Each Pari Passu Secured Party agrees that either Authorized Representative may enter into any amendment to any Pari Passu Security Document solely as such Pari Passu Security Document relates to a particular Series of Pari Passu Obligations (including, without limitation, to release any Liens securing such Series of Pari Passu Obligations) so long as such Authorized Representative has received a certificate of an officer of the Company stating that such amendment is permitted by the terms of each then extant Secured Credit Document and such amendment is in accordance with the Secured Credit Document pursuant to which such Series of Pari Passu Obligations was incurred and does not adversely affect the Pari Passu Secured Parties of any other Series; provided that, no such modification shall (1) materially affect the rights, protections, immunities, liabilities, duties or obligations of either Authorized Representative without its consent, (2) permit other Liens on the Collateral not permitted under the terms of the Secured Credit Documents other than as provided in Section 2.05 of this Agreement, (3) permit or grant any Liens on any Collateral that does not constitute Shared Collateral (other than with respect to any L/C Cash Collateralization Collateral for the Credit Agreement Secured Parties) or (4) by its terms be materially adverse to the interests of either Series of Pari Passu Obligations to a greater extent than the other Series of Pari Passu Obligations; provided, further, notice of such modification shall have been given to each Authorized Representative by the Company promptly after the effective date thereof.

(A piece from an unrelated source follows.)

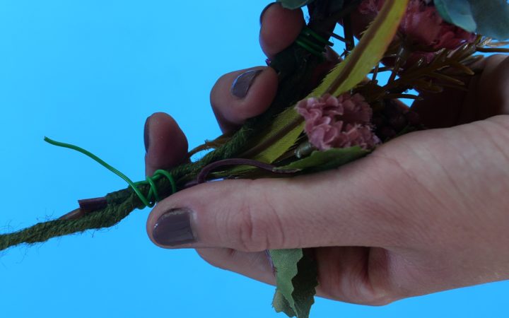 Eden suggests some space between your bunches. Don’t get to tight to the last bunch. “You want them to overlap but not sit right on top of it either.” Wrap wire around the end of the mini bouquets to attach them to the base. Use only enough wire to make them sturdy. You can also use tape, but wire will be stronger.
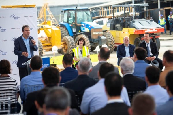 O início das obras de expansão do Aeroporto Internacional Pinto Martins (Fortaleza Airport) foi realizado nesta terça-feira (19), em solenidade realizada no entorno das construções do terminal. O lançamento da Pedra Fundamental, que marca a abertura das intervenções, teve a participação do governador Camilo Santana, da presidente da Fraport, Andreea Pal, do prefeito de Fortaleza, Roberto Cláudio, e de executivos do consórcio construtor Método e Passareli.

Each Authorized Representative agrees to execute and deliver (at the sole cost and expense of the Grantors) all such authorizations and other instruments as shall reasonably be requested by the Controlling Authorized Representative or the Company to evidence and confirm any release of Shared Collateral or amendment to any Pari Passu Security Document provided for in this Section, subject to, in the case of the Authorized Representative for the Senior Secured Notes Creditors, receipt by it of all directions, certificates, opinions or other items (if any) which it may be required or entitled to receive pursuant to the Senior Secured Notes Documents.
In determining whether an amendment to any Pari Passu Security Document is permitted by this Section 2.04, the Controlling Authorized Representative may conclusively rely on a certificate of an officer of the Company stating that such amendment is permitted by Section 2.04(b) above.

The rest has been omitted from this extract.